A.    Penerapan Uswatun Hasanah

1.     Bentuk-bentuk


Uswatun hasanah yang dimiliki Rasulullah SAW terlihat dari kesehariannya yang diimplementasikan dalam beberapa hal: perbuatan, perkataan maupun sikap.
1.     Perbuatan
Perbuatan Rasulullah SAW  sangat terpelihara, ia selamat dari dosa-dosa kecil apalagi dosa besar (ma’shum). Beliau bertindak dengan tegas antara yang haq dan yang bathil, yang benar tetap benar yang salah tidak dapat didamai-damaikan terutama sekali yang menyangkut dengan aqidah dan ibadah. Sebagai bukti yang autentik tentang  perbuatan Rasulullah SAW tersebut, Allah SWT berfirman:
قُلْ يَا أَيُّهَا الْكَافِرُونَ , لَا أَعْبُدُ مَا تَعْبُدُونَ , وَلَا أَنتُمْ عَابِدُونَ مَا أَعْبُد,  وَلَا أَنَا عَابِدٌ مَّا عَبَدتُّمْ  , وَلَا أَنتُمْ عَابِدُونَ مَا أَعْبُدُ لَكُمْ دِينُكُمْ وَلِيَ دِينِ  ,(الكافرون: ٦-١)
Artinya: Katakanlah: "Hai orang-orang kafir, 2.  Aku tidak akan menyembah apa yang kamu sembah. 3. Dan kamu bukan penyembah Tuhan yang Aku sembah. 4. Dan Aku tidak pernah menjadi penyembah apa yang kamu sembah, 5. Dan kamu tidak pernah (pula) menjadi penyembah Tuhan yang aku sembah. 6. Untukmu agamamu, dan untukkulah agamaku. (Q.S. Al-Kafirun: 1 – 6).

            Turunnya ayat ini karena sebahagian orang kafir mengajak Rasulullah SAW untuk bekerja sama (toleransi) dalam hal ibadah. Mereka menginginkan toleransi antara agama nenek moyangnya dengan agama baru yang dibawa Rasulullah SAW, agar terciptanya perdamaian di Timur Tengah pada saat itu. Maka Rasulullah SAW harus ikut bersama mereka untuk menyembah patung dan di waktu yang lain merekapun bersedia bersama Rasulullah SAW untuk menyembah Allah SWT. Ternyata mereka (orang-orang kafir) frustasi karena program yang diajukan kepada Rasulullah SAW ditolak mentah-mentah oleh beliau.
            Semenjak kecil Rasulullah SAW sudah bersama-sama mereka namun Rasulullah SAW tidak pernah terlibat dalam usaha penyembahan patung. Sebagaimana yang diungkapkan oleh Nawawi Rambe dan Zuber Usman, yaitu:
Muhammad SAW semakin dewasa juga dia tambah giat membantu pamannya, seperti menyediakan air bagi orang yang datang beribadah di Ka’bah. Meskipun begitu, dia belum pernah melakukan ibadah menurut cara mereka, karena mereka di saat itu menyembah berhala, yaitu patung-patung yang banyak digantungkan di Ka’bah”.[1]

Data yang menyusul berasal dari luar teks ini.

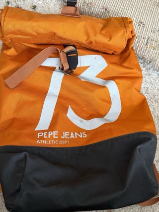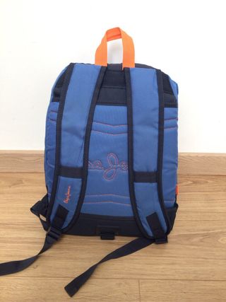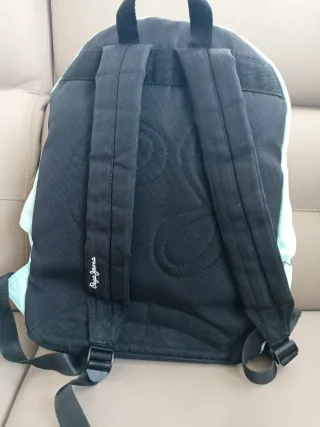 Mochila de la marca Pepe Jeans en tono azul claro. - Diseño moderno y práctico. - Etiqueta de la marca en la parte frontal. - Asa superior y correas ajustables. -poco usada
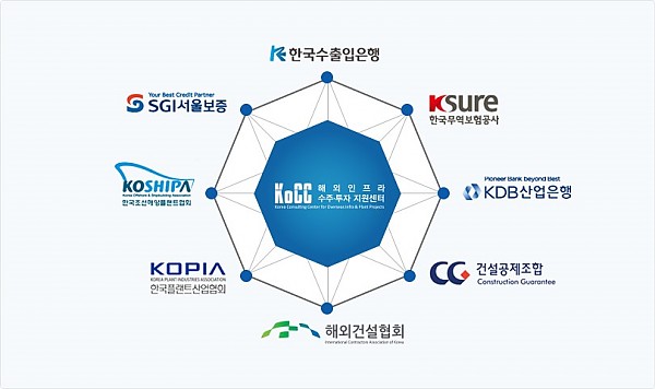 инфраструктуры и инвестирования. Всего 8 организаций: Корейский банк импорта и экспорта, Корейская корпорация страхования торговли, Корейский банк развития, Корейская ассоциация заводской промышленности, Сеульская
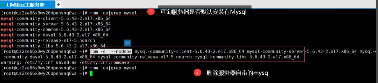 rpm -qa|grep mysql -- 查詢服務(wù)器是否有mysql,如有,則執(zhí)行下面的語句進(jìn)行刪除
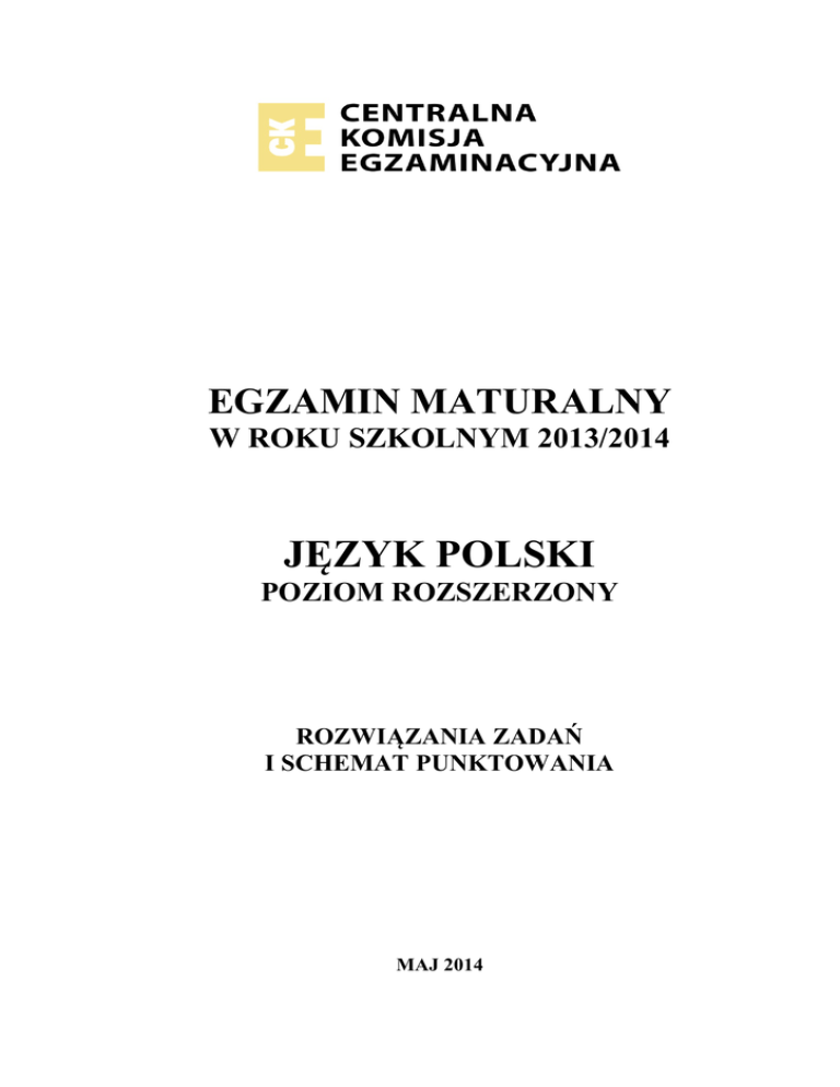EGZAMIN MATURALNY W ROKU SZKOLNYM 2013/2014 JĘZYK POLSKI POZIOM ROZSZERZONY ROZWIĄZANIA ZADAŃ I SCHEMAT PUNKTOWANIA MAJ 2014 2 Egzamin maturalny z języka polskiego Rozwiązania zadań i schemat punktowania – poziom rozszerzony Tworzenie informacji Napisanie własnego tekstu w związku z tekstem literackim zamieszczonym w arkuszu. Temat 1. Literackie obrazy miłości i sposoby ich kreowania we fragmentach Don Kichota z La Manchy Miguela de Cervantesa Saavedry oraz Romea i Julii Williama Szekspira. 1. Zasada zestawienia tekstów, np.: 0-3 a) fragmenty z rożnych gatunkowo/rodzajowo utworów, b) tematyka niezwykłej miłości, c) samotny zakochany i para kochanków, d) wyznania miłosne (monolog i dialog). Obrazy miłości 2. Bohaterowie w Don Kichocie, np.: 0-2 a) tradycja i konwencja średniowiecznych pieśni miłosnych / pieśni pasterskich / ksiąg rycerskich. b) naśladowani (podziwiani) w kręgach kultury dwornej, c) ukazani zgodnie z kodeksem rycerskim (zachowania i wartości). 3. Bohaterowie w Romeo i Julii, np.: a) przedstawiciele zwaśnionych rodów szlacheckich, b) pod osłoną nocy wyznają miłość, c) ofiary wrogości – w rodzinie i wśród przyjaciół. 0-2 4. Miłość w Don Kichocie, np.: a) wymyślona (manifestowana), b) tragiczna, (zabiera spokój, przynosi cierpienie), c) efekt obłędu, d) wyznanie w monologu, e) poczucie opuszczenia/oddalenia, f) negatywne emocje (np.: zazdrość), g) bezgraniczna. 0-3 5. Miłość w Romeo i Julii, np.: a) prawdziwa (ukrywana), b) spełniona, c) tragiczna (zabiera życie), d) skazana na niepowodzenie (przeznaczenie), e) miłosna rozmowa, f) bliskość ducha i ciała, g) nieskończona. 6. Sposób ukazania miłości w Don Kichocie, np.: a) miłość na wzór tradycji rycerskiej (wykoncypowana), b) patos mówienia, c) egzaltacja odczuwania, d) motyw walki, zmagania z uczuciem, e) obrazowanie wanitatywne, f) bestiarium, g) rozszalałe żywioły, h) hiperbolizacja, 0-3 0-4 Egzamin maturalny z języka polskiego Rozwiązania zadań i schemat punktowania – poziom rozszerzony 3 i) użalanie się (rozpacz), j) apostroficzność. 7. Sposób ukazania miłości w Romeo i Julii, np.: a) miłość na pograniczu dorosłości (pierwsza/niewinna/autentyczna, nieuchronna), b) czułość, c) zmysłowość, d) kontrast, e) zapewnianie o wzajemności miłowania, f) metafory, g) romantyczny nastrój (gra słów, rola światła, h) afirmacja. 0-4 8. Konteksty, np.: 0-2 a) historycznoliteracki (np.: Pieśń nad pieśniami, romanse rycerskie, dramaty Szekspira), b) epoki (krytyka zachowań, znaczenie autorów), c) kulturowy (symboliczność postaci). 9. Podsumowanie 0-3 pełne: dostrzeżenie, że miłość w obu utworach jest zjawiskiem potężnym i niezwykłym, ma swoje ograniczenia (np.: wyobraźni i relacji do innych). Dla bohatera Don Kichota stanowiła udręczenie z powodu poczucia osamotnienia, nieodwzajemnienia i niedostępności wybranki serca. Natomiast dla Romea i Julii była przeznaczeniem i autentyczna. Została ukazana jako cierpienie lub spełnienie. (3) częściowe: dostrzeżenie, że miłość w obu utworach jest zjawiskiem potężnym i niezwykłym, ma swoje ograniczenia (np.: wyobraźni i relacji do innych). Została ukazana jako cierpienie lub spełnienie. (2) próba podsumowania: dostrzeżenie, że miłość w obu utworach jest zjawiskiem potężnym i niezwykłym, ma swoje ograniczenia (np.: wyobraźni i relacji do innych). (1) 4 Egzamin maturalny z języka polskiego Rozwiązania zadań i schemat punktowania – poziom rozszerzony Temat 2. Porównaj obrazy miasta przedstawione we fragmentach opowiadania Sierpień Brunona Schulza i powieści Zły Leopolda Tyrmanda. Omów sposoby ukazania przestrzeni i funkcje, jakie ona pełni w obu utworach. I. 1. a) b) c) 2. a) b) c) d) e) f) ROZWINIĘCIE TEMATU (można uzyskać maksymalnie 26 punktów) Punktacja Zasada zestawienia tekstów, np.: 0-2 niezwykłość obrazu miasta – w każdym tekście uzyskana innymi środkami, pierwszoosobowa narracja (konwencja wspomnienia), różnorodne odwołania kulturowe. Sierpień Obraz miasta, np.: 0-4 anonimowe małe miasto, czas: poza historią (letnie świąteczne popołudnie – jedno z wielu powtarzających się w sierpniowe soboty), pozornie typowe składniki obrazu (dziecko na spacerze z matką, przechodnie, bawiący się chłopcy, rynek, drzewa, domy), piękno (mimo brzydoty pojedynczych elementów), miasto jako miejsce świętych tajemnic, drzewa, domy, okna , balkony jako istoty żyjące własnym, niezależnym od człowieka życiem (rynek jest pusty, ale nie martwy). 3. Sposoby ukazania przestrzeni i jej funkcje w utworze, np.: 0-6 a) opowiadanie o spacerze, b) narrator – ukazujący świat z punktu widzenia dziecka, ale mówiący językiem dorosłego, c) kreacjonizm / oniryzm, d) symbolika, e) motywy biblijne służące sakralizacji świata przedstawionego, f) nawiązania kulturowe służące mityzacji świata przedstawionego, g) rola motywu słońca, h) kontrasty (upał – chłód, światło – cień), i) liryzacja prozy, j) zmysłowe metafory, k) personifikacja drzew, domów, okien, balkonów, l) porównania nadające elementom świata przedstawionego cechy dzieł sztuki, m) plastyczność – liczne epitety nazywające wrażenia zmysłowe (kolory, zapachy, wrażenia dotykowe), n) otwarta przestrzeń jako symbol przekroczenia granicy rzeczywistości i marzenia. Zły 4. Obraz miasta, np.: 0-5 a) konkretne wielkie miasto (Warszawa), b) czas: historyczny (dzieje miasta od okresu przedwojennego po powstanie warszawskie), c) miasto ukazane poprzez jeden charakterystyczny element (bramy), d) brak klasycznego piękna (śmieszne, pretensjonalne, pseudorenesansowe ozdoby, nieprzyzwoite napisy), e) bramy jako tło i świadek indywidualnych doświadczeń (dorastania narratora), f) bramy jako tło i świadek doświadczeń zbiorowości (dziecięcych zabaw, ale i zbrodni), g) bramy jako sprzymierzeńcy walczących w powstaniu. Egzamin maturalny z języka
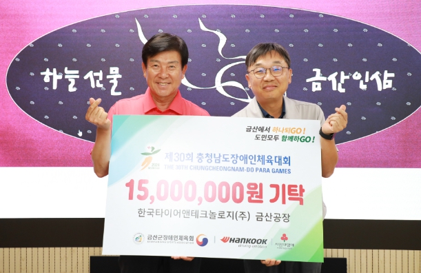 [뉴스서울] 한국타이어 금산공장은 지난 4일 제30회 충남도장애인체육대회의 성공적인 개최를 위해 금산군장애인체육회에 후원금 1500만 원을 전달했다.
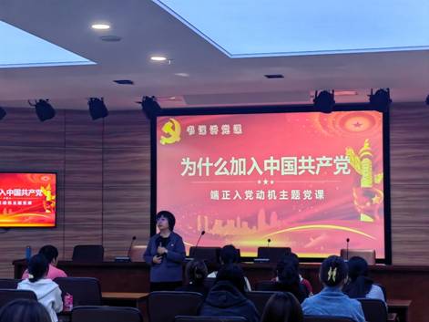11月9日,在2213教室中数字商贸安博(中国)党支部书记谭可为递交入党申请书的23级新生上了主题为“为什么加入中国共产党”端正入党动机的主题党课。
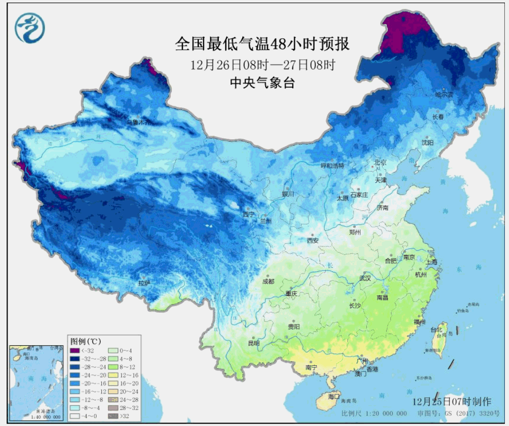 中国气象局发布寒潮的标准∶ 当冷空气过境后,凡气温24小时内下降10°C以上,并且在这一天内的最低气温在5°C以下。
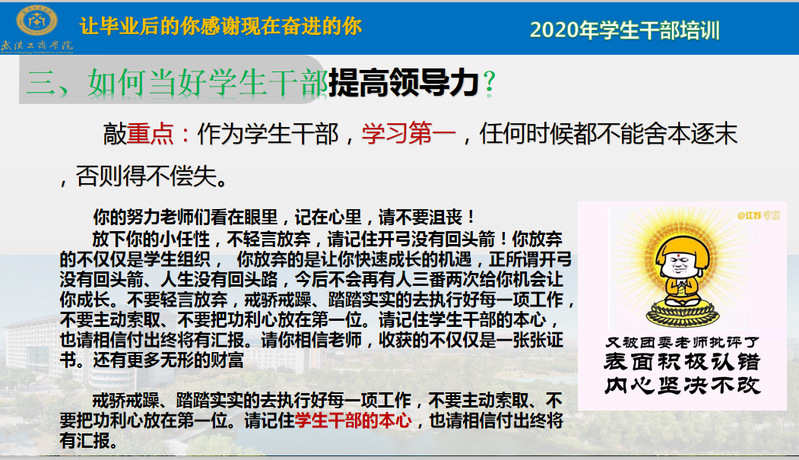 舒娟老师还提到学生干部重要的是提高领导力。在大一当“干事”时,少说话、多听、多做、多学;在大二当“副部长时”,适当说话、多听、多做、多学;在大三当部长或者更高“职位”时,要多说、勤说、勤带、低调。而且舒娟老师还告诫我们学生干部,最重要的是学习第一,不能舍本逐末。切记戒骄戒躁、踏踏实实地去执行好每一项工作,不要主动索取,不要把功利性放在第一位。

Dalam kehidupan sosial masyarakat pada masa itu, perbuatan Rasulullah SAW benar-benar membawa rahmat kepada seluruh alam. Ketika Rasulullah SAW berusia 35 tahun, pada waktu itu orang Quraisy sedang membangun Ka’bah dan hendak meletakkan kembali Hajarul Aswad pada tempatnya semula. Pada saat itu suku Quraisy berselisih pendapat mengenai siapa yang berhak meletakkan Hajarul Aswad tersebut. Masing-masing suku merasa lebih berhak meletakkannya dan hampir saja terjadi perkelahian di antara mereka, karena pekerjaan ini adalah suatu pekerjaan yang mulia. Perselisihan suku ini dapat diselesaikan oleh Rasulullah SAW dengan cara yang sangat bijaksana.
Kemudian diputuskan bahwa siapa yang lebih dahulu masuk dari pintu Shafa dialah yang akan memutuskan perkara ini. Ternyata Rasulullah SAW yang masuk pertama kali, maka beliau memutuskan untuk meletakkannya di atas surbannya dan masing-masing suku memilih seorang wakil yang memegang ujung surban dan mengangkatnya bersama-sama hingga sampai di tempatnya, lalu Rasulullah SAW mengambil Hajarul Aswad dan menaruhnya di tempatnya dan bereslah persoalannya.[2]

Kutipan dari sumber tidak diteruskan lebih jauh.